E soprattutto bisogna intervenire a cominciare dall’età in cui il malessere si struttura e in cui le personalità perdono le caratteristiche positive iniziali, si distorcono, smarriscono il senso della loro esistenza; e finiscono per non combattere più per la vita, per la solidarietà, per il rispetto degli altri, della natura e di se stessi. Dobbiamo evitare che personalità “infelici” e disilluse cerchino un palliativo all’angoscia e alla sofferenza nella droga (nelle varie droghe, non solo quelle chimiche), nel potere sfrenato, nella violenza, nella pedofilia, nell’impulso folle alla distruzione o all’autodistruzione.
Dobbiamo agire, in fretta e in modo radicale, per salvare i nostri bambini e i nostri adolescenti; dobbiamo mettere in atto un’opera di prevenzione non sporadica ma capace di permeare tutta la società, capace di entusiasmare tutti, di collegare genitori e operatori, società civile e istituzioni, scienza, professioni e governanti.

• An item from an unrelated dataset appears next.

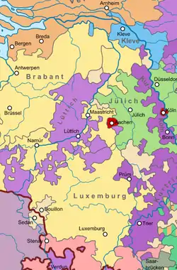 The first campaign did not result in territorial gains, but did do damage to the Luxemburgish countryside,[4] and successfully managed to distract the Spanish army.[3] Two years later, a similar campaign to Luxemburg led to the temporary occupation of Huy in neutral Liège by the Dutch States in February–March 1595, but they were soon expelled and the Duke of Bouillon was also driven away from Luxemburg's border fortresses again.[5][6]

Se vogliamo far cessare il dramma di bambine e bambini, di ragazze e ragazzi, che è poi il dramma della società tutta, dobbiamo pensare presto e bene alla prevenzione. E dobbiamo allora ripensare i processi di costruzione dell’identità dei nostri giovani senza più trascurare nessuna componente psicocorporea individuale né alcuna componente sociale, al fine di salvaguardare le ricchezze esistenti in partenza nelle nuove generazioni, e le sensibilità specifiche del maschile e del femminile prima che si impoveriscano in ruoli stereotipati e sterili.
Bisogna ridare il senso alla vita, ridare progettualità non solo all’esistenza individuale ma anche a quella collettiva: un significato di largo respiro basato sul rispetto, sul contatto, sull’amore, sulla tenerezza, componenti fondamentali per una pienezza di vita che non possiamo più trascurare e che invece le accelerazioni, gli sviluppi tecnologici, i modelli precostituiti imperanti nei mass media stanno distruggendo.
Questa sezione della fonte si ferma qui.